SCOTT McCLELLAN: Oh, I think these, these documents show that he fulfilled his duties. These documents show that he met his requirements.
BOB GARFIELD: Okay, case closed. Right? Well, no. Not really.
SCOTT McCLELLAN: That's the sec--that's the second time you've asked this question.
REPORTER: Right, and I'll ask it till we, till we get some....
BOB GARFIELD: The White House press corps is not normally known for its esprit de corps, but very occasionally, like a flock of migrating birds, they find themselves flying in formation. Determined to arrive at some straight answers on Tuesday, they for once acted in concert instead of flying solo.
REPORTER: Can you just clarify it back to Elizabeth's question here on Document 5, for example--
SCOTT McCLELLAN: Mike--
REPORTER: Scott, may I re-ask Dana's question? You keep saying he served....
BOB GARFIELD: Forty minutes in, McClellan had finally had enough.
SCOTT McCLELLAN: We're going to keep moving. Any more on this topic, do you have this topic, this topic--then Wendell is the new subject. We're off this topic.
BOB GARFIELD:Bill Plante is a veteran of the press corps and a participant in Tuesday's briefing, and he joins me now from Washington. Bill, welcome back to the show.
BILL PLANTE: Thank you, Bob.
BOB GARFIELD: When we last spoke to you, it was last March, before the war, and following a press conference with the president in which the press corps was particularly quiescent and failed to follow up on many a legitimate question that the president just seemed to have dodged. What's changed since March of 2003?
BILL PLANTE: There is a subtext in every daily briefing and in all presidential news conferences, and it has to do with the expectations of the reporters about what will actually get answered. There was no expectation in that news conference a year ago that the president would answer the questions which he was asked about going to war. You simply don't press harder, because you are relatively certain that you won't get more. Now I'm not saying that that's something to be admired. I'm simply suggesting that it is a fact of life around here in almost any administration. You develop a sense for where a spokesperson is likely to go on any given subject, because you kind of know what their parameters are and what their answers are likely to be.

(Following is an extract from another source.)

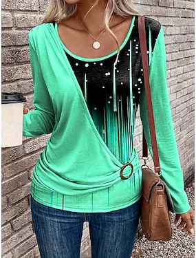 Mulheres Camiseta Patchwork Imprimir Gráfico Geométrica Gradiente Vintage à moda Moderno Manga Longa Gola Redonda Tops regulares Diário Azul Rosa Roxo Verde Primavera Outono Inverno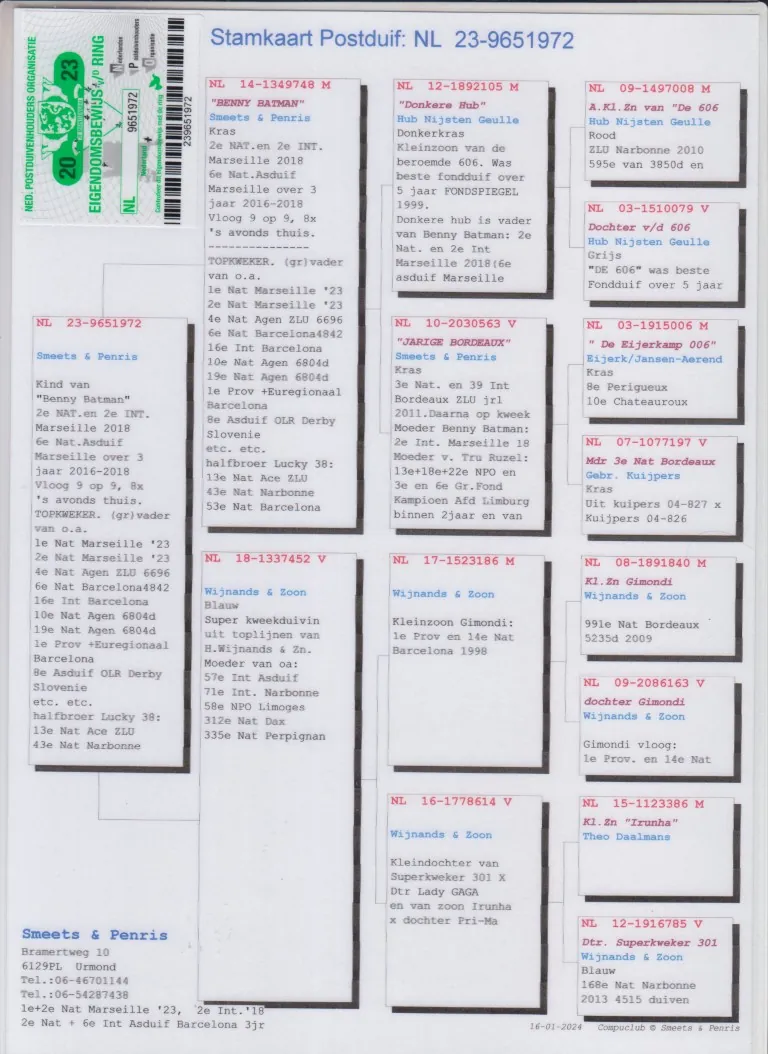 Uit: ”Benny Batman”, 2. Int. Marseille, 6. Nat. Asduif Marseille 2016/2018, (Gr) vader 1. Int. Asduif Int. Vluchten, 2. Nat. Marseille, 4. Nat. Agen, 6. Nat. Barcelona, 10. Nat. Agen, 15. Nat. Agen x ”De 452”, H. Wijnands & Zn.

BOB GARFIELD:Let me ask you a question about license. In the past 6 months, the candidates for the Democratic presidential nomination have been relentless in their criticism of the White House, and a week ago on Meet the Press, Tim Russert was equally relentless in questioning the president about policy and the war and so forth. Has the White House press corps suddenly been liberated, given license to be harder on the president than it hitherto had been?
BILL PLANTE: I think that when a story reaches a certain critical mass, people do feel more license to jump in with both feet.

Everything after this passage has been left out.